C. M. Heard wrote on 24/11/2018 16:14:
On Sat, Nov 24, 2018 at 7:37 AM Nick Hilliard <nick@xxxxxxxxxx> wrote:
C. M. Heard wrote on 23/11/2018 16:20:
transit operators would generally take the view that any data-plane
packet which needs to be put through a slow path will be rate limited up
to 100% loss. We can argue endlessly at the IETF about the pros and
cons of this from a protocol development and management point of view
but at the end of the day, transit operators have networks to run, and
there is a jarring disparity between data-plane forwarding speed and
control-plane processing capacity.

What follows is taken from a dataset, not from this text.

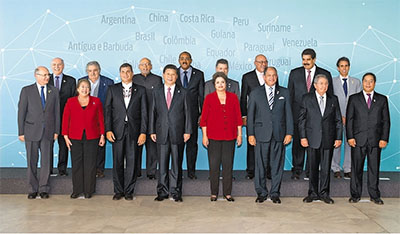 ? 當?shù)貢r間7月17日下午,中國—拉美和加勒比國家領導人會晤在巴西利亞舉行。本次會晤由中方倡議,中國國家主席習近平、巴西總統(tǒng)羅塞夫、哥斯達黎加總統(tǒng)索利斯、古巴國務委員會主席兼部長會議主席勞爾·卡斯特羅、厄瓜多爾總統(tǒng)科雷亞、蘇里南總統(tǒng)鮑特塞、哥倫比亞總統(tǒng)桑托斯、智利總統(tǒng)巴切萊特、圭亞那總統(tǒng)拉莫塔爾、烏拉圭總統(tǒng)穆???、委內瑞拉總統(tǒng)馬杜羅、安提瓜和巴布達總理布朗等出席。

If you expect one to bleed into the
other, something needs to give. This is often going to be
silicon-specific; what is slow-pathed on one platform may not be
slow-pathed on another, so generalised statements are difficult in this
situation.
It's not clear to me what that has to do with the specific comments
that I made (and that you elided). I would understand if I had brought
up handling of, say, HbH options rather than default drop policies for
unknown (and experimental) header types. Perhaps you could clarify.
hm yes, it was a bit obtuse. What I was trying to get at (and
completely failed to achieve) was:
1. that EHs are largely unusable anyway, so if this draft makes some
types slightly more unusable, that isn't going to make much of a
practical difference. RFC7872 suggests failure rates of ~30% - 50% for
fragment headers. Once you're in this territory, nothing you can do
will make things any worse.
2. transit operators don't like filtering stuff. They will filter
traffic if and only if that traffic is a nuisance or forms a threat to
the operation of their networks, and:
My primary objection is to the advice that says discard unknown
EHs and upper-layer protocols by default. That advice needs to
be more nuanced -- as is the advice for unknown option types
given in Sec. 4.4.5, I see no reason why these cases should
get different advice.
....3. Any recommendation that the IETF makes in this area may, or may
not, be taken as input into a decision machine, the result of which will
be to filter, or rate limit, or to forward. From this perspective, the
documentation needs to observe and make suggestions.